Excerpted records.

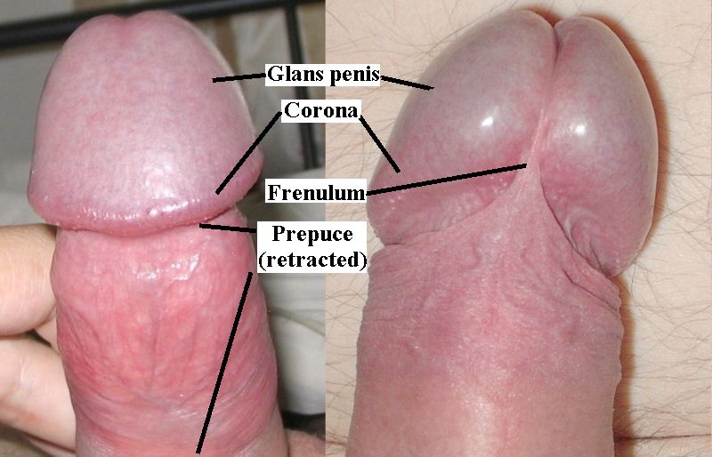 Labelled modification of Image:Penis_glans_anterior_posterior.jpg created by user:Nandesuka
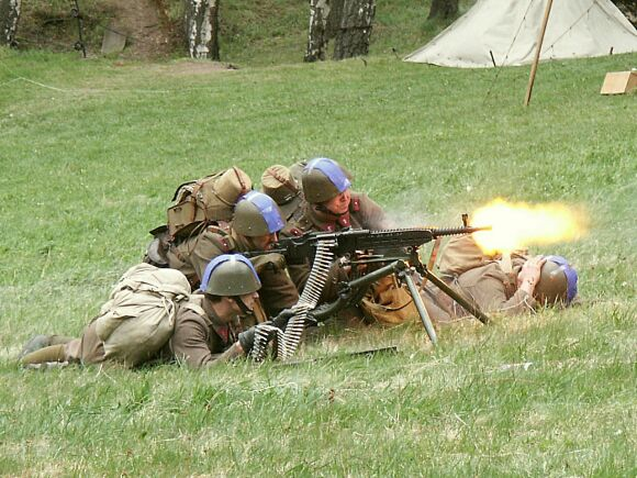 ZB vz. 37 in fight
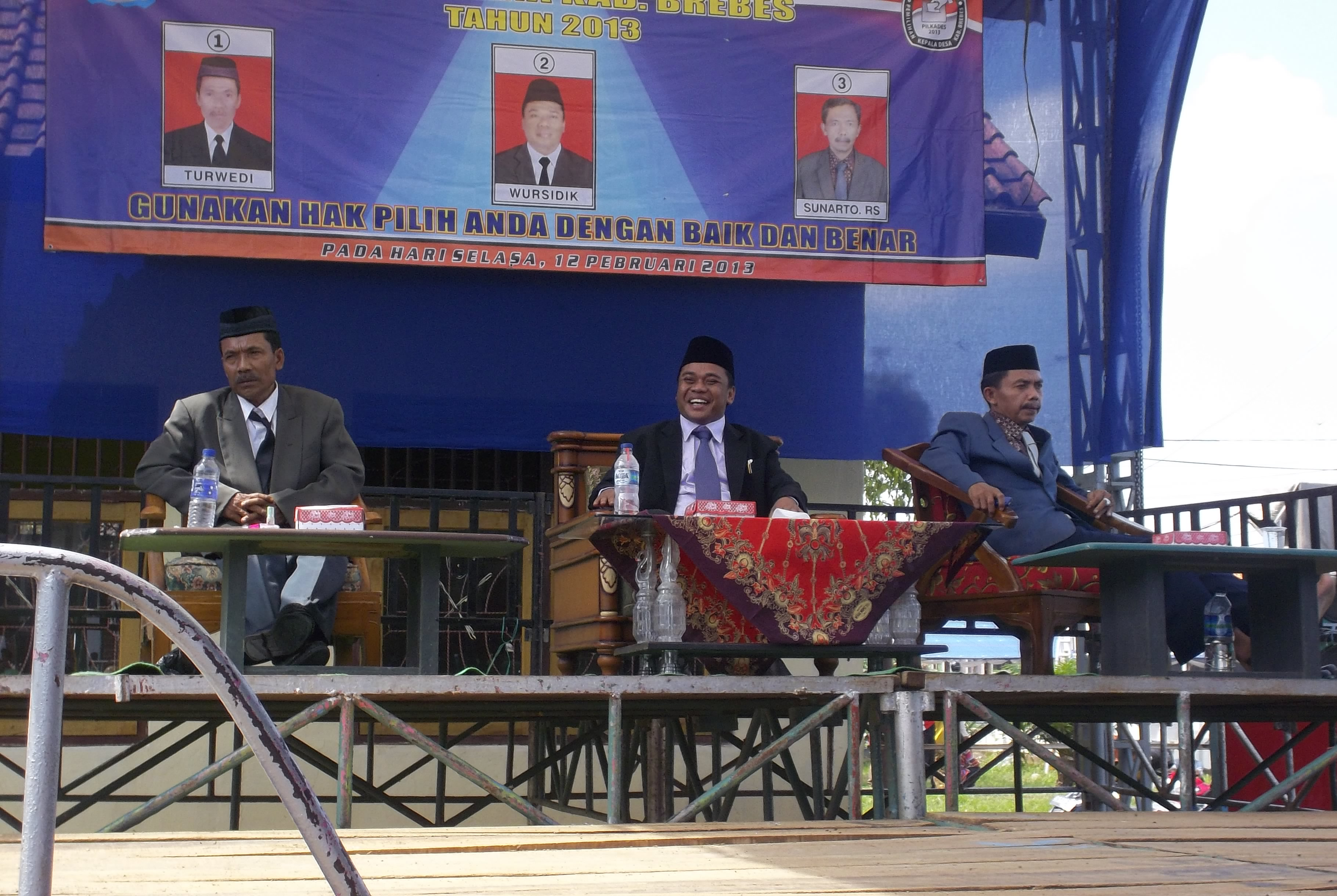 Elections of village heads in the Sutamaja Central Java, Indonesia.
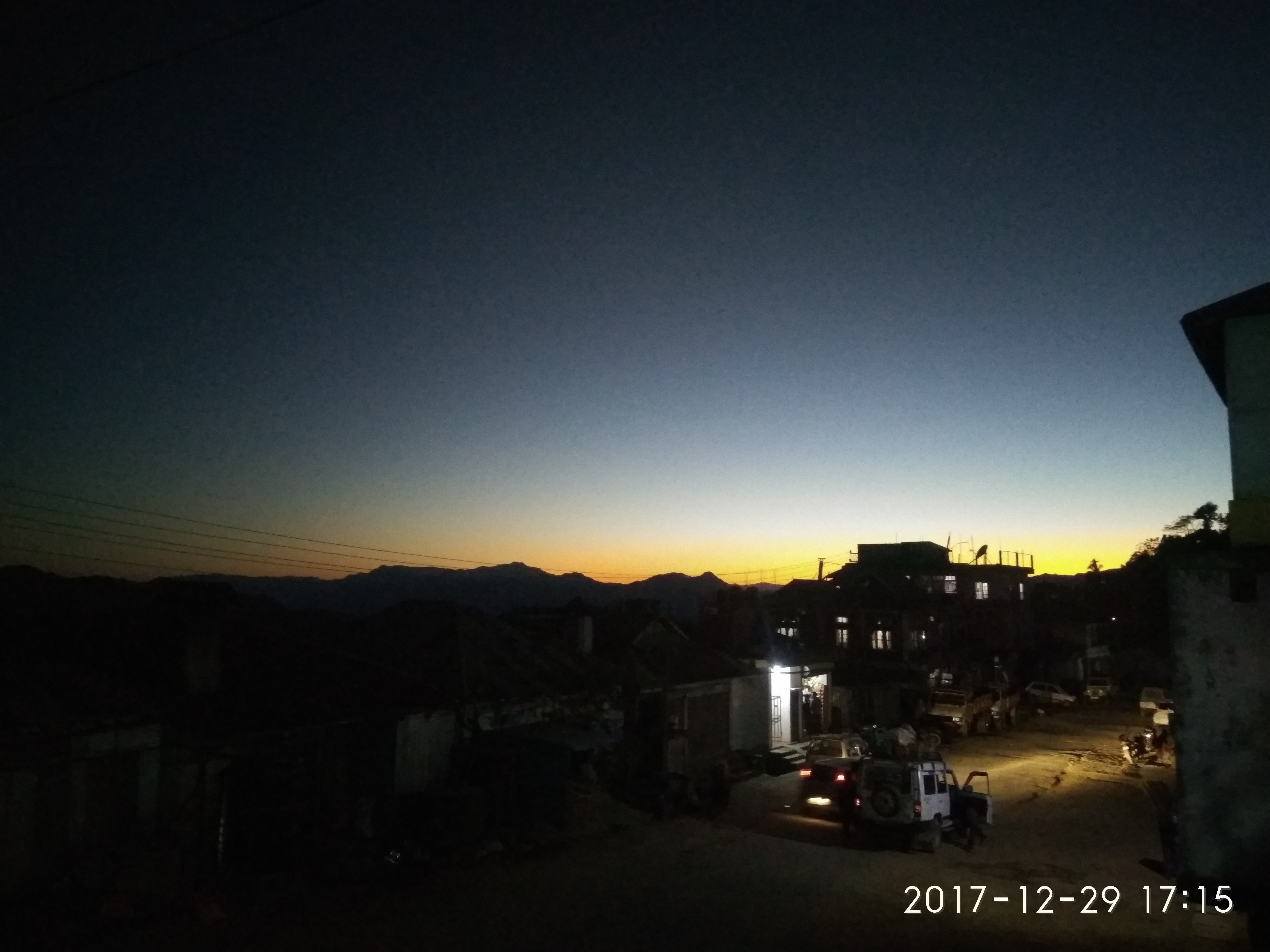 Phullen is a sub Town in Aizawl district, in the Indian state of Mizoram. It is located 125 km towards east from the district headquarters Aizawl, which is also the State capital of Mizoram.
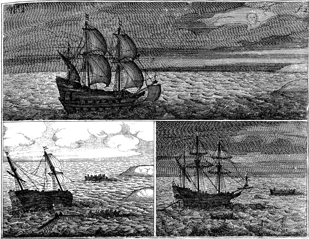 This is an image of Plate 1 from the 1647 Dutch book Ongeluckige voyagie, van't schip Batavia ("Unlucky voyage of the ship Batavia"). In the original work this plate followed Page 2.
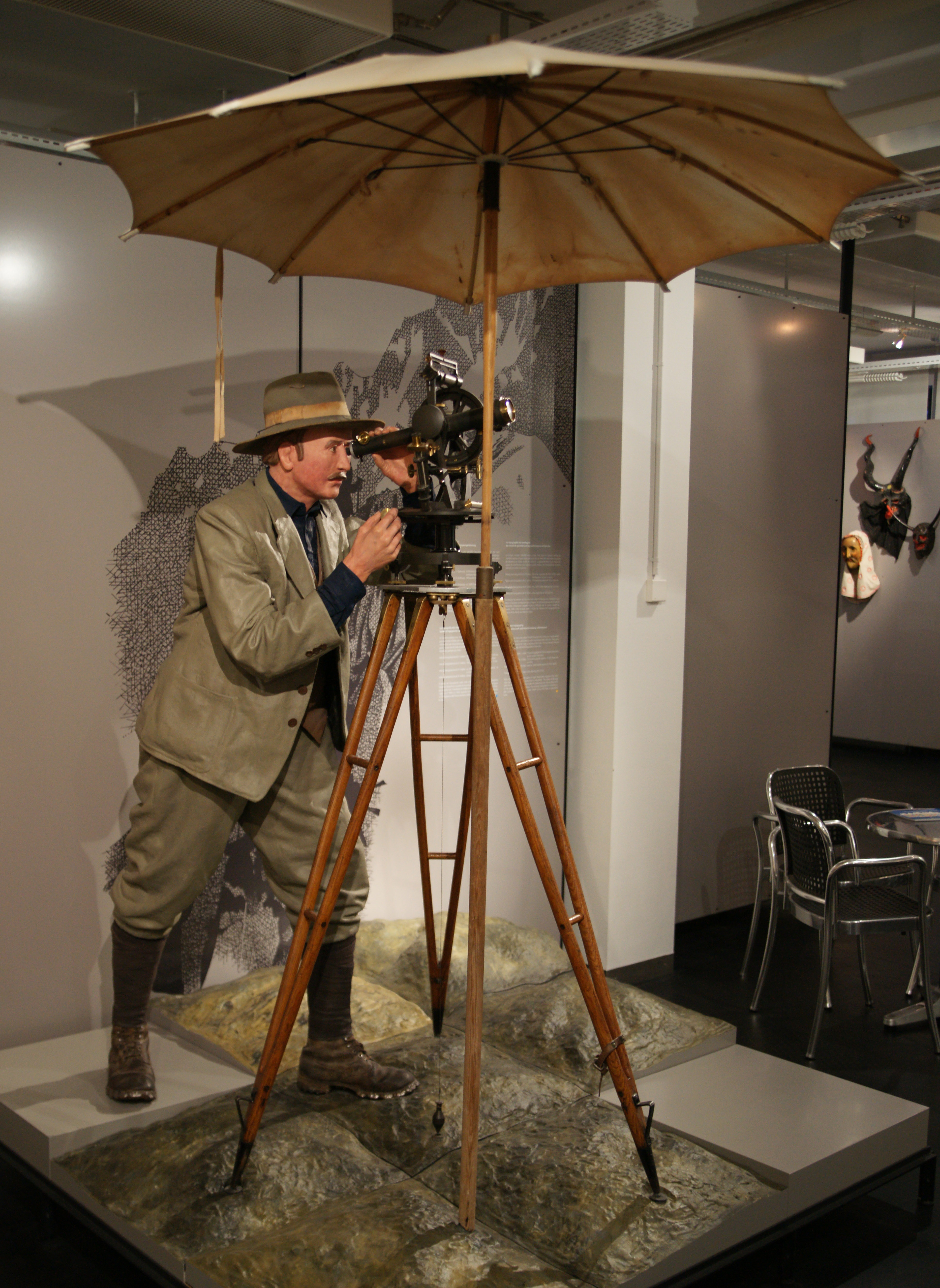 Diorama of a surveyor in Switzerland with a Hildebrand theodolite, 1910-22.

What the task requires.
With pictures omitted, copy exactly the lines from the one containing "This is an image" through the final line of the listing, both included.

Expected answer.
 This is an image of Plate 1 from the 1647 Dutch book Ongeluckige voyagie, van't schip Batavia ("Unlucky voyage of the ship Batavia"). In the original work this plate followed Page 2.
 Diorama of a surveyor in Switzerland with a Hildebrand theodolite, 1910-22.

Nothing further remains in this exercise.